Segundo a diretora do memorial, Laura Murta, embora o beijódromo seja só o auditório, todos os espaços do lugar são beijáveis. “A ideia é que o prédio seja efetivamente e afetivamente utilizado.” Nenhum tipo de beijo, promete, será proibido. “O memorial tem de ser a síntese da universidade tal como foi imaginada por Darcy: ninguém podia ser premiado ou punido por suas ideias e atos”, confirmou o presidente da Fundação Darcy Ribeiro, Paulo Ribeiro, sobrinho do antropólogo.







Ou seja, está liberado o beijo entre meninos e meninas, e também vale homem com homem e mulher com mulher.
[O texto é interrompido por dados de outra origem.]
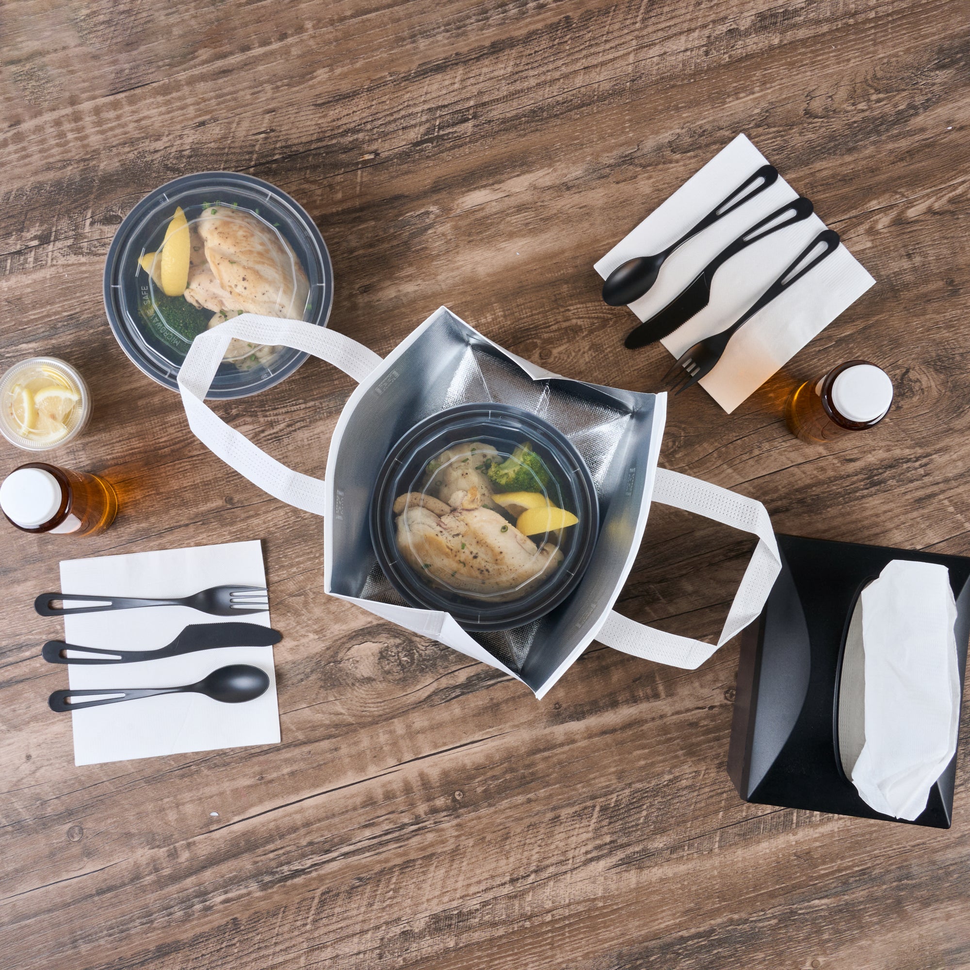 Ensure perfect deliveries every time with leak-resistant packaging. Bag Tek Insulated Food Delivery Bags offer an advanced insulation technology that maintains the temperature of your culinary creations for hours, ensuring they arrive hot or cold as intended. The tamper-evident design of these thermal delivery bags provides a clear indication if the bag has been opened, safeguarding the integrity of your dishes. Constructed with a spacious interior measuring 9.4 inches in length, 5.9 inches in width, and 10.2 inches in height, these reusable delivery bags accommodate a variety of container sizes, making them ideal for diverse menu offerings. Crafted from nonwoven material with an insulated lining, these bags are not only durable but also recyclable, supporting your sustainability goals. Lightweight and foldable, they are easy to store and transport, enhancing operational efficiency for busy foodservice professionals. Each order includes 100 Bag Tek Insulated Food Delivery Bags.

Aliás,- só para confirmar, o ósculo de inauguração do beijódromo foi dado por Paulo em ninguém menos que o presidente Lula. “Na testa”, ele esclarece. Tanta modernidade agradou ao casal de “ficantes” Rodrigo Oliveira, 21 anos, estudante de Relações Internacionais, e Kaio Maia, 22, de Letras. “O lado simbólico do beijódromo é muito importante. Num momento em que os gays estão ouvindo tanto ‘aqui não é lugar para isso’, aparece um local feito justamente para isso”, opinou Rodrigo – que ficou tímido e evitou dar um beijo em Kaio.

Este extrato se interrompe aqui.